Hi Dean,
Here is an updated patch (hopefully) fixing the bugs you've reported so
far. In particular, it fixes this:
1) mostly harmless memset bug in UpdateStatisticsForTypeChange
2) passing the right list (stat_clauses) to mcv_clauselist_selectivity
3) corrections to a couple of outdated comments
4) handling of NOT clauses in MCV lists (and in histograms)
The query you posted does not fail anymore, but there's a room for
improvement. We should be able to handle queries like this:
select * from foo where a=1 and not b=1;
But we don't, because we only recognize F_EQSEL, F_SCALARLTSEL and
F_SCALARGTSEL, but F_NEQSEL (which is what "not b=1" uses). Should be
simple to fix, I believe.
5) handling of mcv_lowsel in statext_clauselist_selectivity
I do believe the new behavior is correct - as I suspected, I broke this
during the last rebase, where I also moved some stuff from the histogram
part to the MCV part.
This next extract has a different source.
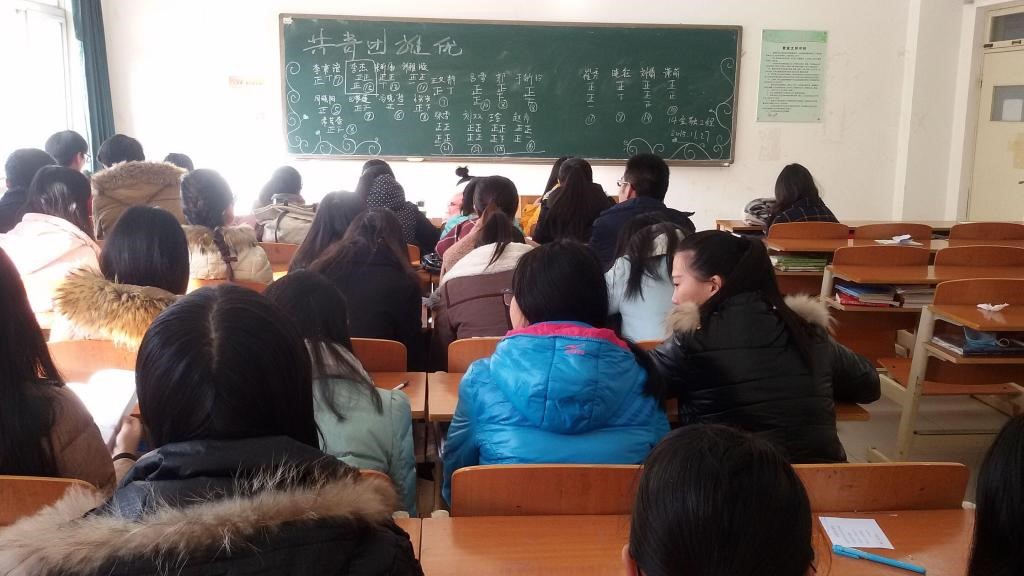 首先,团支书李媛媛向大家讲解了入党积极分子的参选条件以及大家参选和投票的流程,随后,由班长路其森唱票,李媛媛监票,迟颖、王潭潭和张悦在黑板写票。经大家的选举后,本次评选出的积极分子有刘双双和张雪。此次班会旨在评选入党积极分子,同时也为加强班级团学、党建工作,创建优良学风,充分发挥争先创优在同学学习与成长过程中的激励作用。

I've also added the (sum of MCV frequencies), as
you suggested.
I think we could improve the estimate further by computing ndistinct
estimate, and then using that to compute average frequency of non-MCV
items. Essentially what var_eq_const does:
if (otherdistinct > 1)
selec /= otherdistinct;
Not sure how to do that when there are not just equality clauses.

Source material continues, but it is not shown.